Ректор пересек площадь Трех Коллегий (мощеную, что составляло гордость университета) и так же, не спеша, обошел здание Коллегии Григория Великого. Он был невысок, от возраста несколько оплыл, гладко выбритое круглое лицо с подрагивающими щеками стягивала сетка морщин. И ходил он не торопясь не только ради соблюдения солидности, но и потому, что его мучило колотье в боку. Обогнув здание, ректор вошел во внутренний двор, украшенный скудными цветочными грядками и чахлыми кустами и поднялся на крыльцо. Открыл ему Стуре, фамулус. Одной из обязанностей студентов было прислуживать профессорам, и некоторые на такой должности приживались. Стуре был из этой породы. Он еще не достиг возраста "вечного студента", но в двадцать с чем-то лет не стал ни бакалавром, ни лиценциатом - не в силу тупости или порочности, а по причине духовной, если не физической вялости. Белобрысый, с пухлым, что называется "непропеченным" лицом он, моргая светлыми ресницами, уставился на Бенона Битуана,
-- Доктор у себя? - осведомился ректор.
-- Да, ваша магнифиценция, - фамулус распахнул дверь, пропустив посетителя.
Доктор обоих прав Лозоик Поссар занимал в коллеги четыре комнаты одну из самых больших квартир, предоставляемым университетским преподавателям. Но доктору Поссару и требовалось много места - для большой специальной библиотеки, но также и для обширной документации, проходившей через его руки. И при том, что на полках вдоль стен не видно было проемов, стопки книг лежали и на рабочем столе доктора, не тесня, впрочем, кожаных папок и шитых тетрадей.

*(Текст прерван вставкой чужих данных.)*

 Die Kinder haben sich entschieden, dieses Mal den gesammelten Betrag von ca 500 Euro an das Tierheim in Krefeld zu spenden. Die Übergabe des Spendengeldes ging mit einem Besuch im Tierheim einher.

Доктор Поссар встал, приветствуя ректора. Он был ненамного моложе Битуана, но гораздо крепче и энергичнее. Во всех смыслах. Успел поездить и по Европе, и по империи, а в Тримейне осел несколько лет назад, но за короткий срок приобрел высокую репутацию как среди юристов, так и среди богословов, прибегавших к его консультациям по многим спорным вопросам.
Доктор Поссар предложил ректору кресло и крикнул Стуре, чтобы подал вина.

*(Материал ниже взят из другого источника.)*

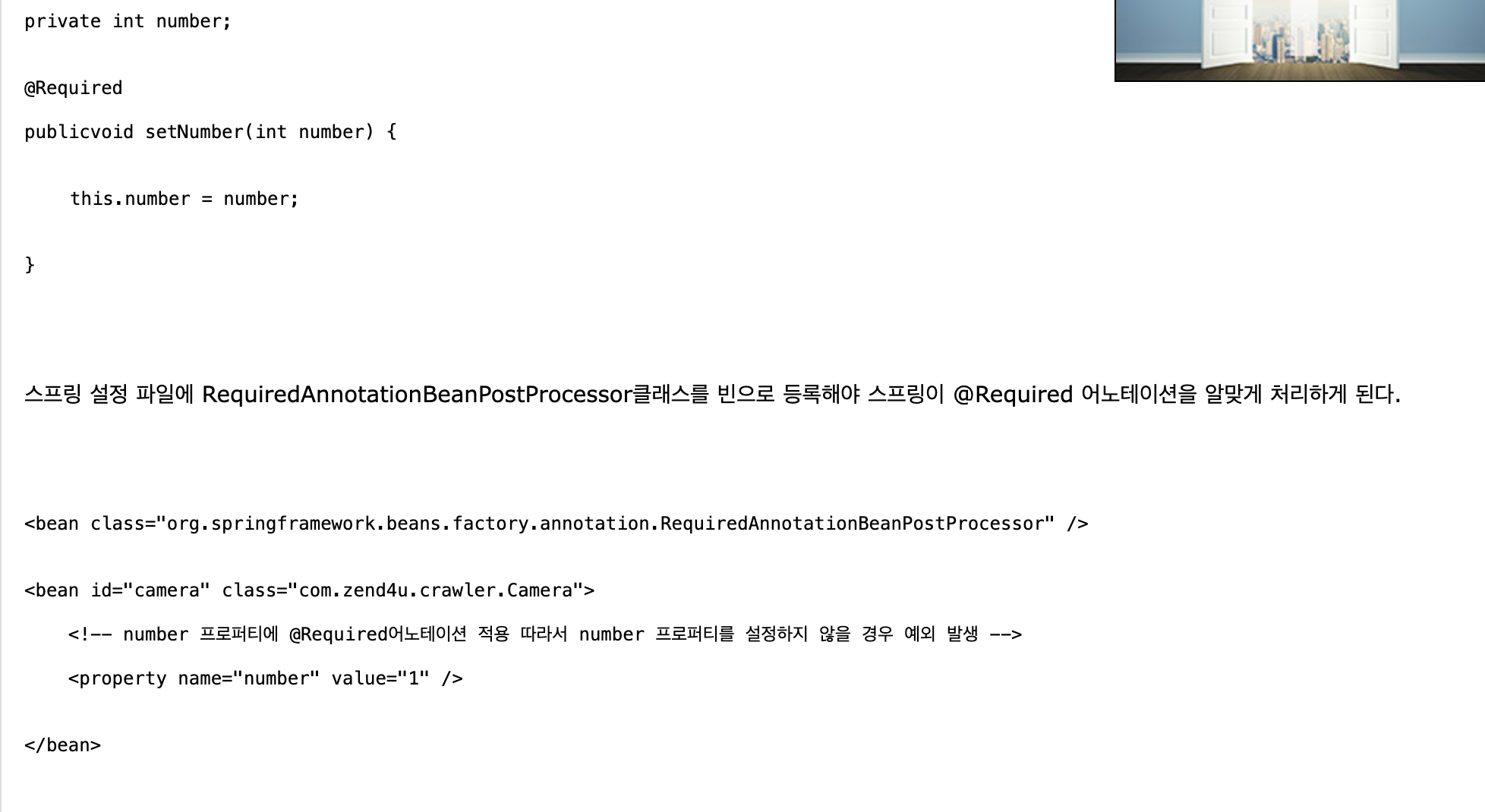 특정 메소드에 붙이면, 해당 빈을 생성할때, 해당 프로퍼티에 대한 설정을 하지 않으면 예외 처리 된다.

-- Только разбавленного, - поспешил добавить ректор. - Хоть я и богослов, но по-богословски* пить уже не в моих силах - печень... * Богословским называли особо крепкое вино.
-- Слышал, что говорит его магнифиценция? Ступай. Стуре, шаркая, как старик, побрел на кухню. Сам Лозоик был сдержан в привычках, не не аскет. Не осуждал студентов, устраивающих по праздникам публичные спектакли и даже порой эти представления посещал. Мог пригубить - не более - вина. Хотя здоровье, наверняка, позволило бы и больше, подумал ректор без зависти. Странно, но он Лозоику Поссару никогда не завидовал. При том, что Лозоик и внешне был куда авантажнее доктора Битуана. Во время редких своих визитов в Новый Дворец ректору приходилось видеть скульптурные изображения языческих правителей и что-то в них (как ни грешно было такое сравнение) напоминало доктора обоих прав - правильные черты, раздвоенная морщина между четких бровей, глубоко сидящие глаза, тонкий орлиный нос, несколько заостренный, решительный подбородок. И сложен он был вполне соразмерно, и на здоровье не жаловался. Казалось бы, как не позавидовать - ан нет.

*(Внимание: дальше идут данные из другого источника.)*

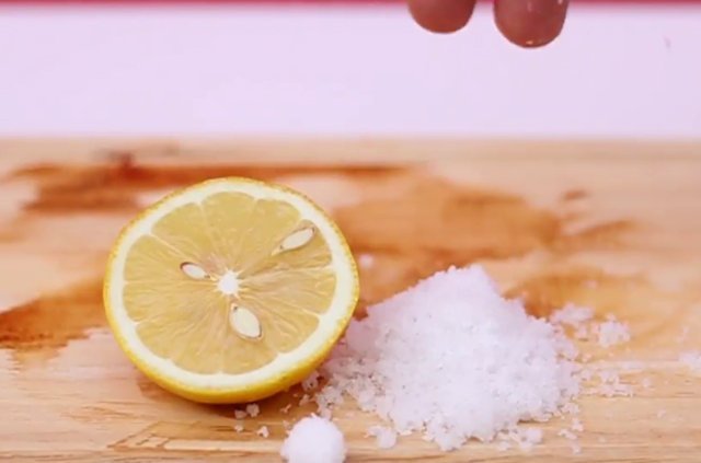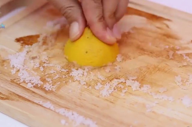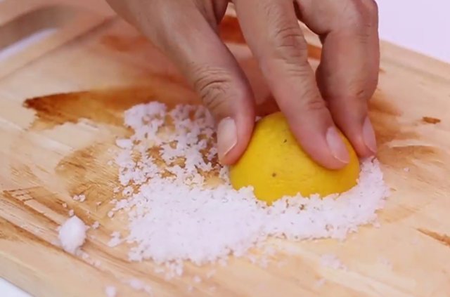 Doğrama tahtasının kirini temizlemek için bir limon ve tuz işinizi görecektir.

-- Надеюсь, что не отвлек тебя от дел... - начал ректор.
-- Ничего. Мне полезно немного отвлечься.
--...потому что я пришел без дела. Только для того, чтобы рассказать, что я сегодня был на обеде у архиепископа, и речь там зашла о твоем трактате...
-- О котором?
-- "Сравнение канонического и светского права". Его преосвященство отозвался о нем с большой похвалой. Он находит мысль о необходимости приравнять государственную измену к ереси весьма тонкой.
-- Прежде всего, это разумная мысль. Если это положение будет принято, оно избавит правосудие от многих затруднений. Я не имею в виду явные случаи, когда еретики нескрываемо выступают бунтовщиками и ненавистниками светской власти вроде катаров или дольчинианцев. Но возьмем относительно недавний процесс тамплиеров. - В звучном ровном голосе Лозоика не слышалось горячности, но тема его несомненно увлекала. - Если бы трибунал принял указанное положение, отпала бы необходимость в длительном разбирательстве, и казнь, свершившася десять лет назад, могла бы произойти на семь лет раньше. А из-за проволочек многие виновные успели скрыться.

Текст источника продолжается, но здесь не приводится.